Print the lines of the entries below from the one with "立てて盛り付けられた天ぷらは" through the final line, exactly as they appear. The pictures are not part of the copy.

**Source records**
****************************************
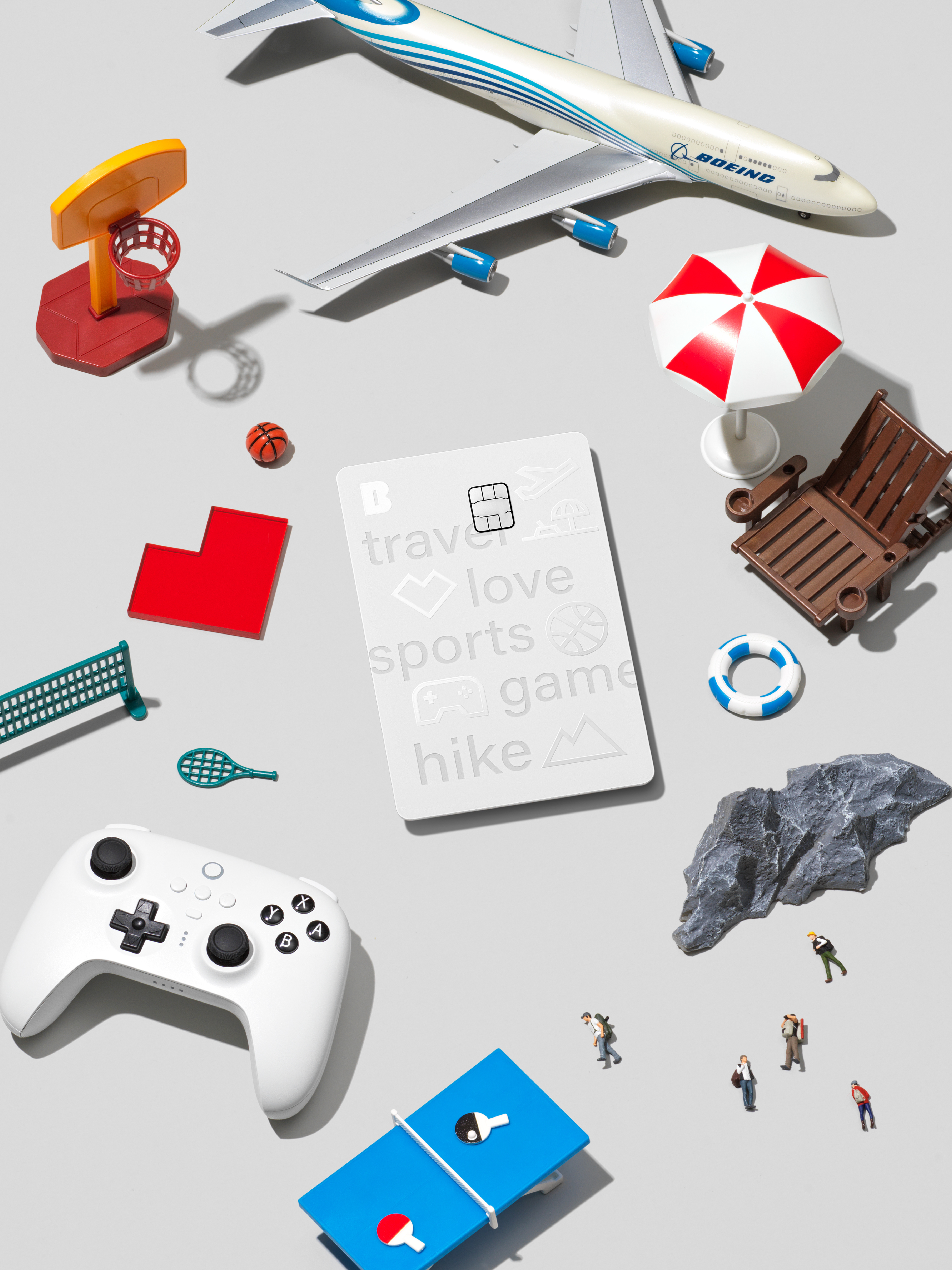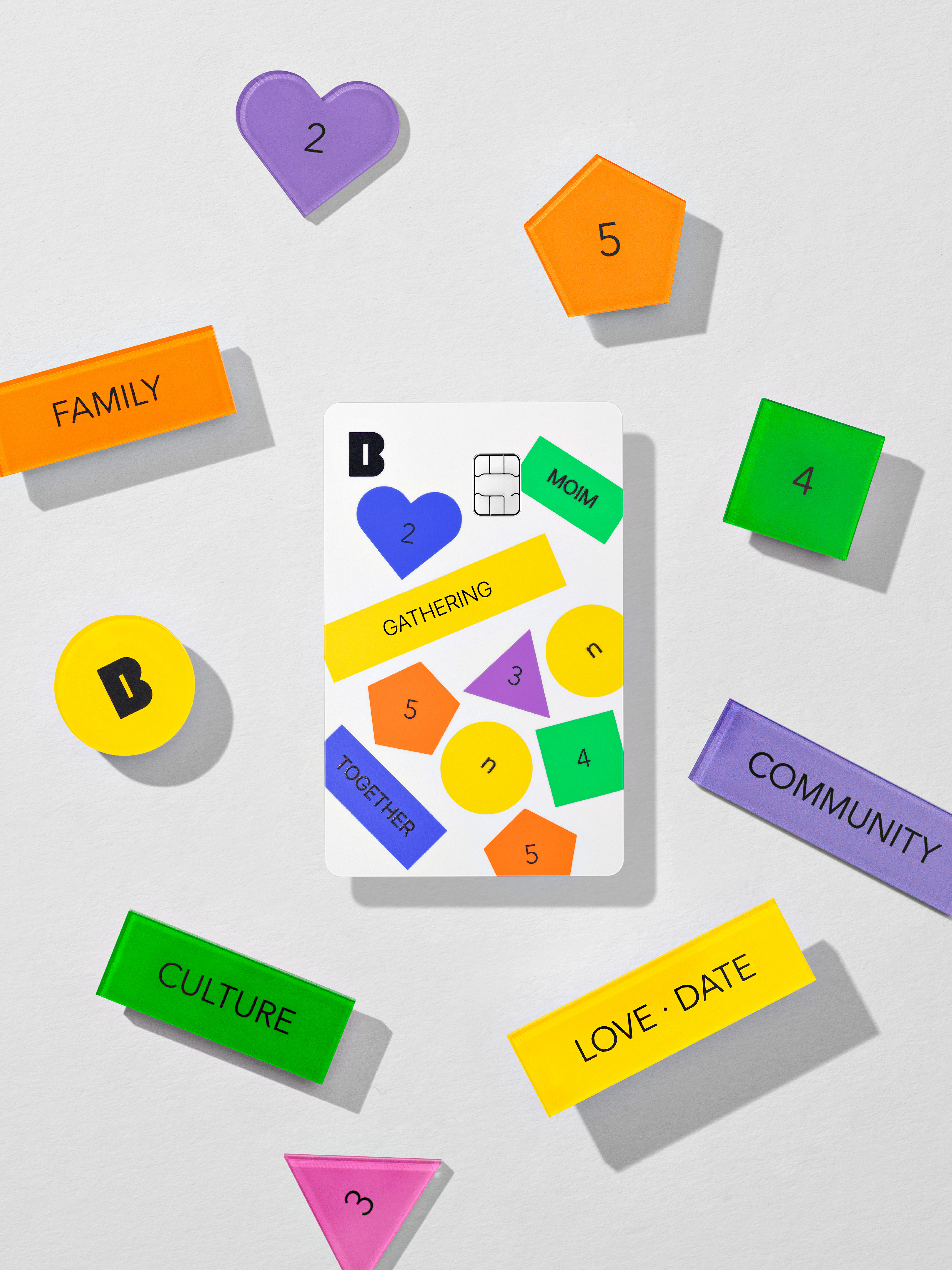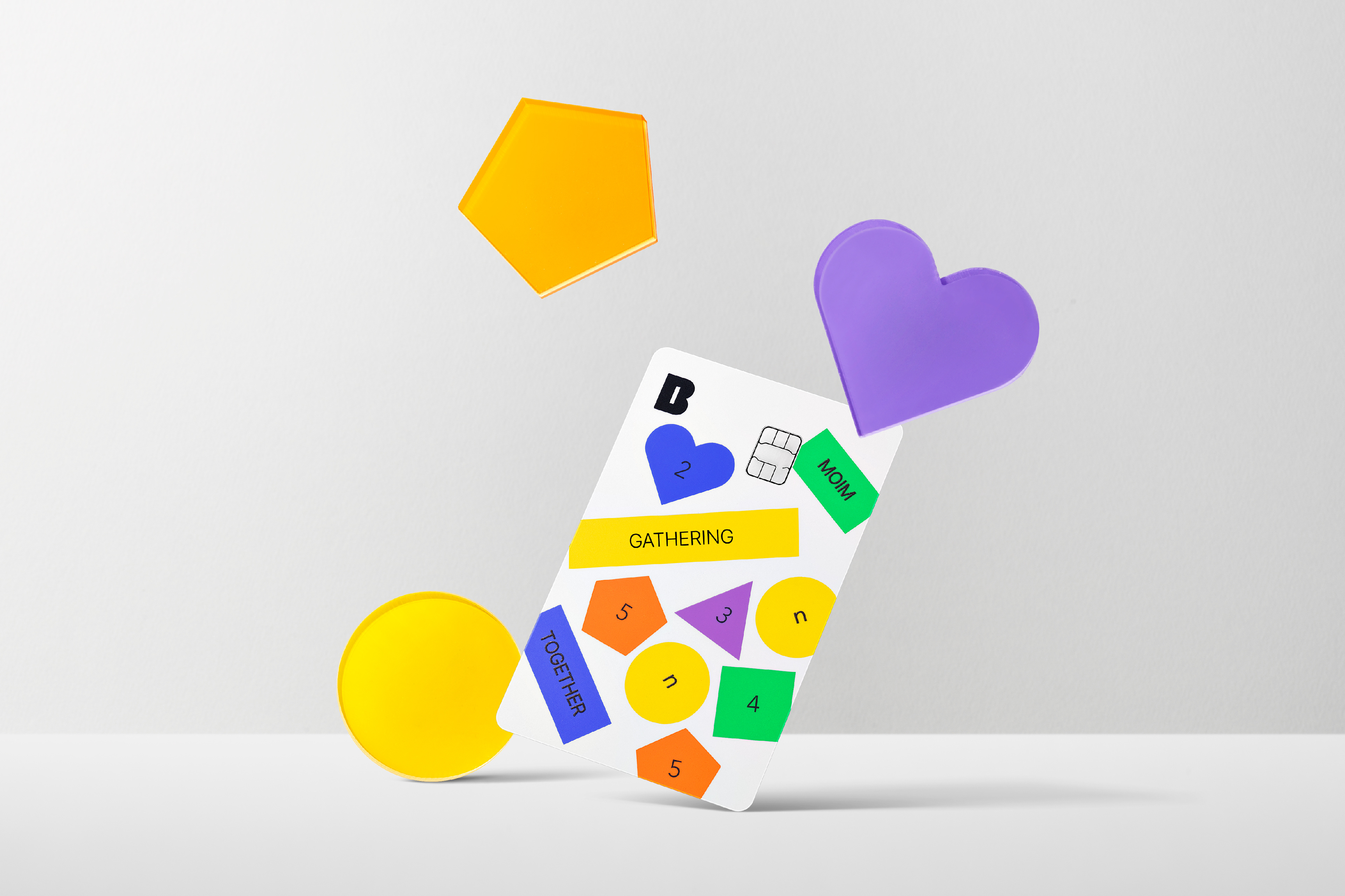 The card is offered in three types, each with unique design elements. Moim Together Card features a design that reflects the key visual of Kakaobank's meeting savings account through a combination of five geometric patterns representing the number of group members and ten meeting category tags.
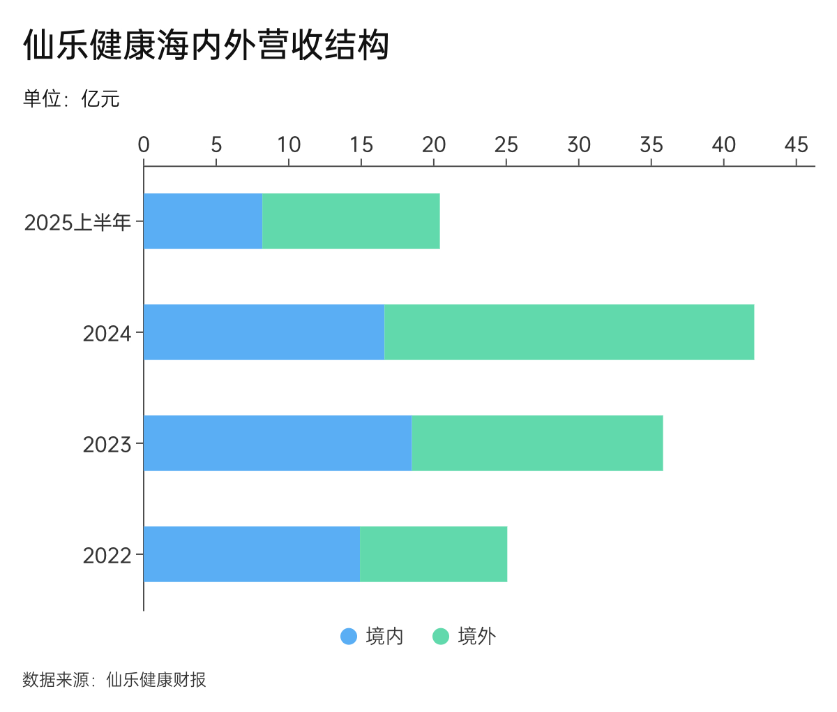 据财报,2022年至2024年,仙乐健康国内业务营收14.91亿元、18.5亿元和16.6亿元,同比2.28%、24.11%和-10.28%。2025年上半年,仙乐健康国内业务营收8.18亿元,同比-1.63%。
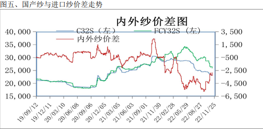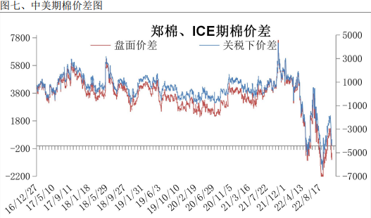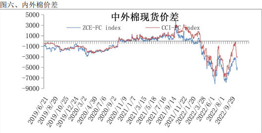 截至11月10日,ICE主力合約12月收盤價86.55分/磅,折合盤面價13818元/噸,與鄭棉2301合約價差-518元/噸;以10美分的貿易升貼水算,折合人民幣價格17170元/噸,與鄭棉2301合約盤面價差(鄭棉-ICE棉)-3870元/噸。
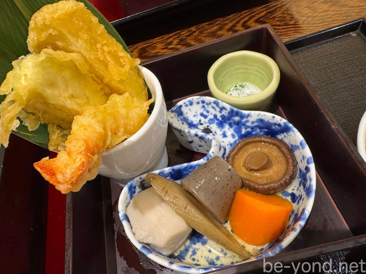 立てて盛り付けられた天ぷらは、エビ、ナス、サツマイモの3種類。カラッと揚がった熱々の天ぷらは、お塩でいただくタイプ。個人的にはおつゆ派ですが、たまに塩で味わうとさっぱりとしてまた違った美味しさがあります。煮物も、味がしっかり染み込んでいます。
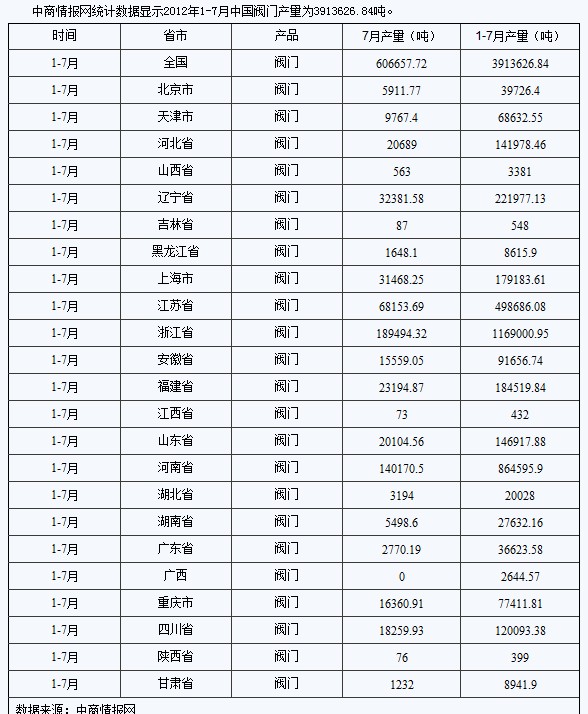 2012年1-7月中國閥門產(chǎn)量數(shù)據(jù)統(tǒng)計(分省市)
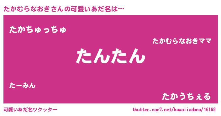 | 恥ずかしいあだ名 | 『プリティーたかむらなおき』『たかちん』 |
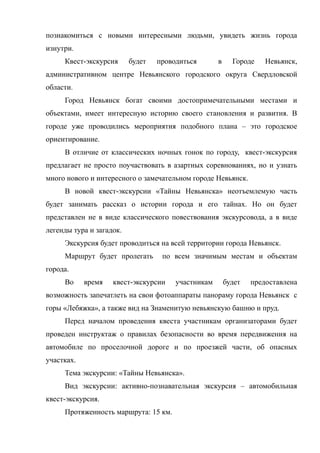Документ описывает новую автомобильную квест-экскурсию по Невьянску под названием «Тайны Невьянска», созданную для знакомства с историей города и воспитания патриотических чувств. Экскурсия включает активное движение на автомобиле, уникальные задания и легенды, позволяющие участникам изучить значимые места и тайны Невьянска. Продолжительность экскурсии составляет от 4 до 6 часов, маршрут охватывает ключевые достопримечательности города.
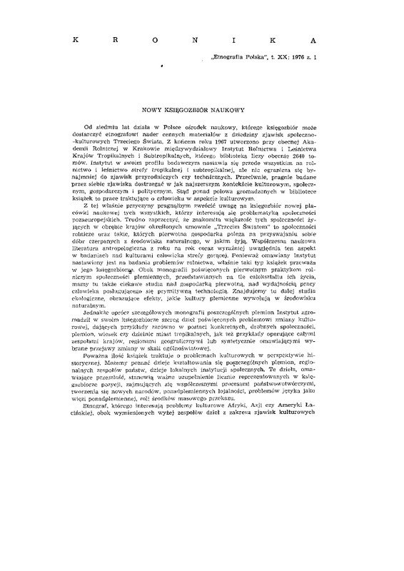 - Kronika / ETNOGRAFIA POLSKA 1976 t.20 z.1
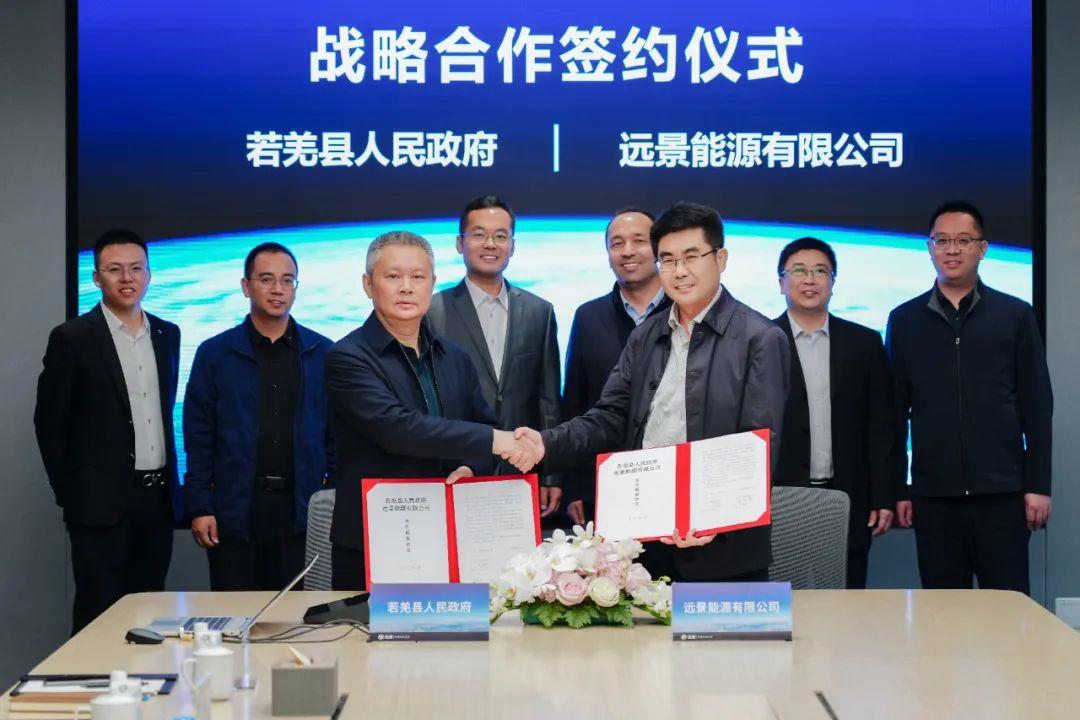 签约仪式上,县委副书记、常务副县长周文辉与远景能源中部区域公司总经理高富春分别代表双方签署合作框架协议书。根据协议,远景能源有限公司将在若羌投资60亿元,建设智能风机整机制造、转运基地,集中式共享储能电站等项目,使之成为巴州创新支柱产业及战略新兴产业,实现储能产业基地、智能风机装备及制造物流基地、智慧能源产业链配套基地、智能物联网云中心及大数据运维中心等产业快速跨越式发展。
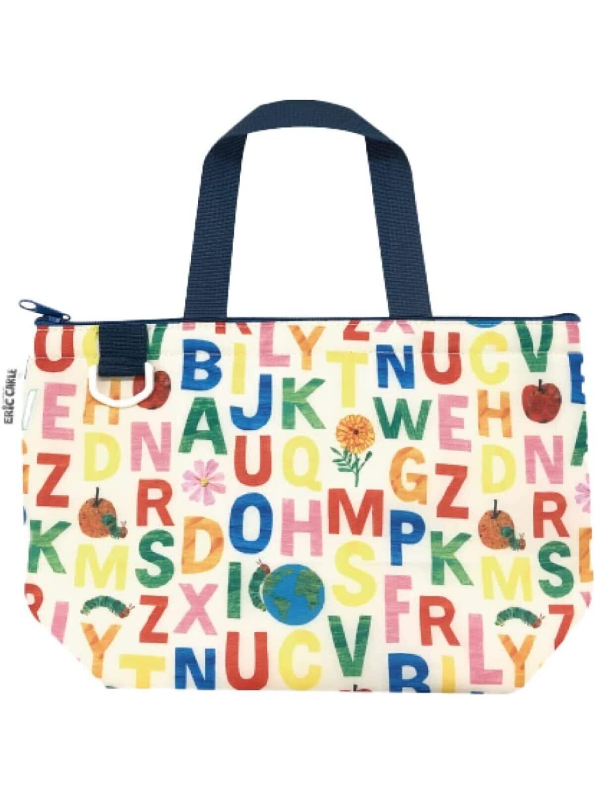 サンタン はらぺこあおむし 保冷 保温 ランチバッグ 大容量 保冷バッグ トート 弁当 弁当箱 お弁当袋 大人用 こども用 男女兼用 通学 通勤 アウトドア (01.アルファベット柄(NV))
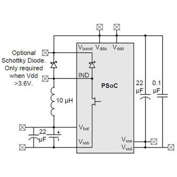 MPSOC5-MB基板のブースト・コンバータ機能を利用するためのオプションパーツセットです。ブースト・コンバータ機能を利用することで、MB基板を電池で動作させることができるようになります。最小0.5Vからの駆動が可能で、マイコン/アナログ回路/デジタル回路の各ブロックに1.8~5Vまで昇圧して最大75mA供給可能です。是非とも電池駆動、低電圧電源環境下でのPSoC5LPの活用にお役立てください。
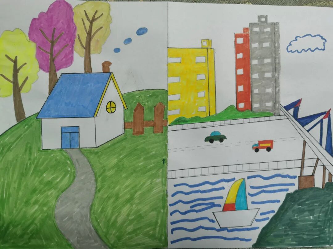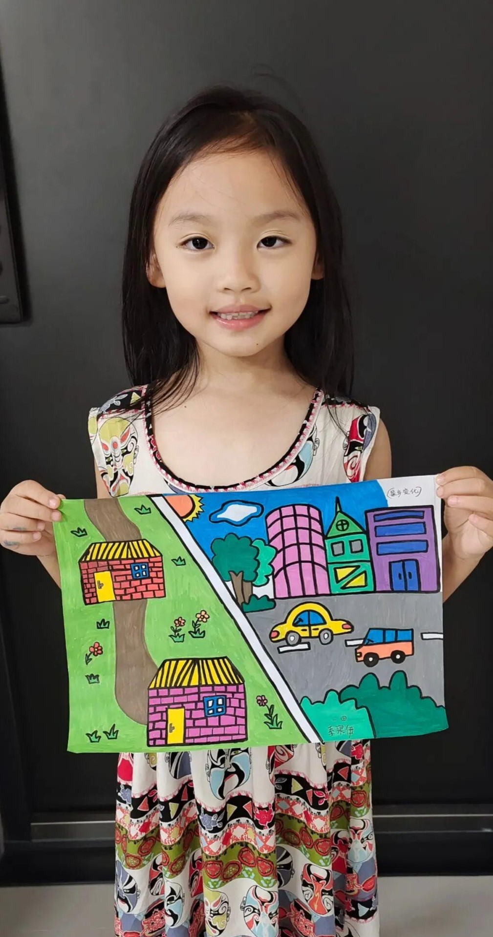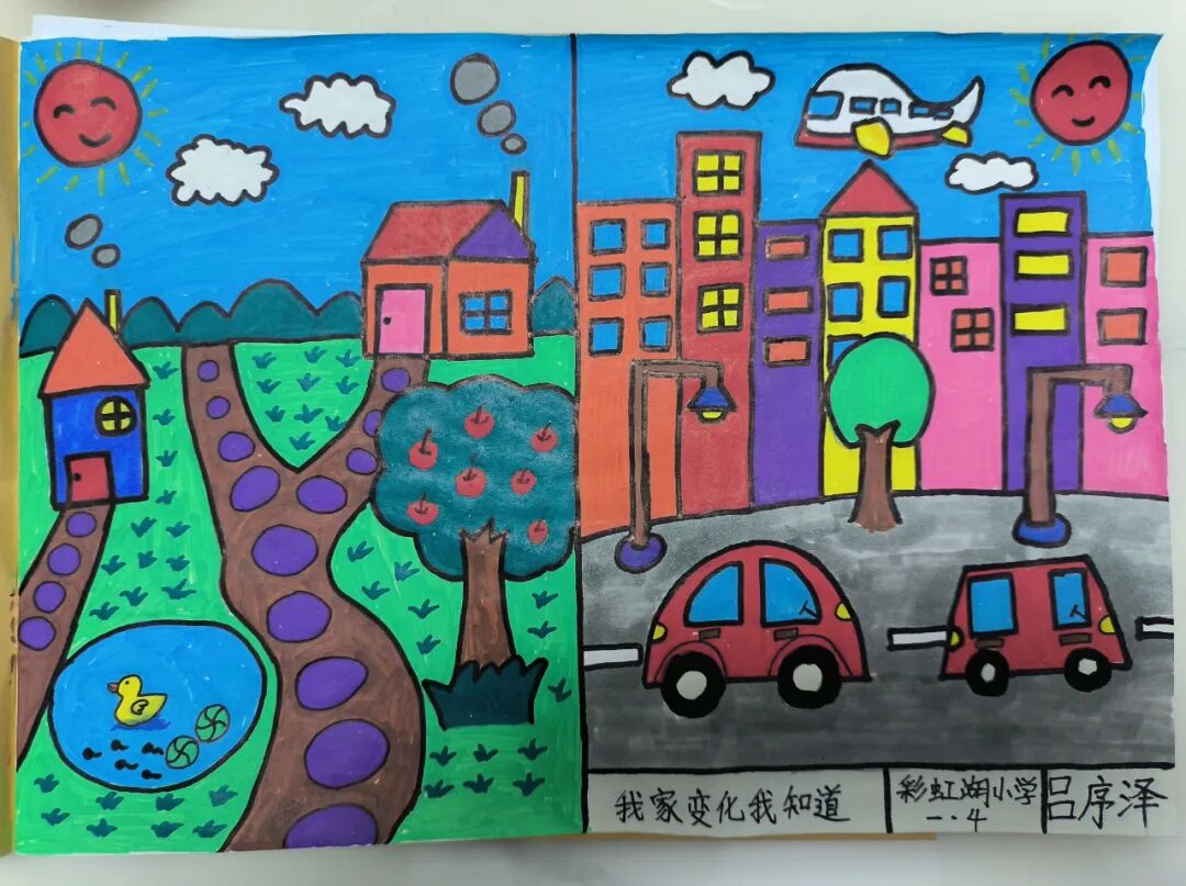 你看吕序泽同学的画,左边是长辈记忆里的乡间小屋、石子路、池塘小鸭,右边是色彩斑斓的高楼、汽车和天上的飞机,连太阳都在两边露出不同的笑脸,像是在为“变化”点赞;还有孩子画里的“新旧家乡PK”,红砖小屋旁的小花,和高楼大厦前的绿树相映成趣,把“过去”和“现在”缝在了同一张画纸上。
****************************************
**Output**
 立てて盛り付けられた天ぷらは、エビ、ナス、サツマイモの3種類。カラッと揚がった熱々の天ぷらは、お塩でいただくタイプ。個人的にはおつゆ派ですが、たまに塩で味わうとさっぱりとしてまた違った美味しさがあります。煮物も、味がしっかり染み込んでいます。
 2012年1-7月中國閥門產(chǎn)量數(shù)據(jù)統(tǒng)計(分省市)
 | 恥ずかしいあだ名 | 『プリティーたかむらなおき』『たかちん』 |
Документ описывает новую автомобильную квест-экскурсию по Невьянску под названием «Тайны Невьянска», созданную для знакомства с историей города и воспитания патриотических чувств. Экскурсия включает активное движение на автомобиле, уникальные задания и легенды, позволяющие участникам изучить значимые места и тайны Невьянска. Продолжительность экскурсии составляет от 4 до 6 часов, маршрут охватывает ключевые достопримечательности города.
 - Kronika / ETNOGRAFIA POLSKA 1976 t.20 z.1
 签约仪式上,县委副书记、常务副县长周文辉与远景能源中部区域公司总经理高富春分别代表双方签署合作框架协议书。根据协议,远景能源有限公司将在若羌投资60亿元,建设智能风机整机制造、转运基地,集中式共享储能电站等项目,使之成为巴州创新支柱产业及战略新兴产业,实现储能产业基地、智能风机装备及制造物流基地、智慧能源产业链配套基地、智能物联网云中心及大数据运维中心等产业快速跨越式发展。
 サンタン はらぺこあおむし 保冷 保温 ランチバッグ 大容量 保冷バッグ トート 弁当 弁当箱 お弁当袋 大人用 こども用 男女兼用 通学 通勤 アウトドア (01.アルファベット柄(NV))
 MPSOC5-MB基板のブースト・コンバータ機能を利用するためのオプションパーツセットです。ブースト・コンバータ機能を利用することで、MB基板を電池で動作させることができるようになります。最小0.5Vからの駆動が可能で、マイコン/アナログ回路/デジタル回路の各ブロックに1.8~5Vまで昇圧して最大75mA供給可能です。是非とも電池駆動、低電圧電源環境下でのPSoC5LPの活用にお役立てください。
 你看吕序泽同学的画,左边是长辈记忆里的乡间小屋、石子路、池塘小鸭,右边是色彩斑斓的高楼、汽车和天上的飞机,连太阳都在两边露出不同的笑脸,像是在为“变化”点赞;还有孩子画里的“新旧家乡PK”,红砖小屋旁的小花,和高楼大厦前的绿树相映成趣,把“过去”和“现在”缝在了同一张画纸上。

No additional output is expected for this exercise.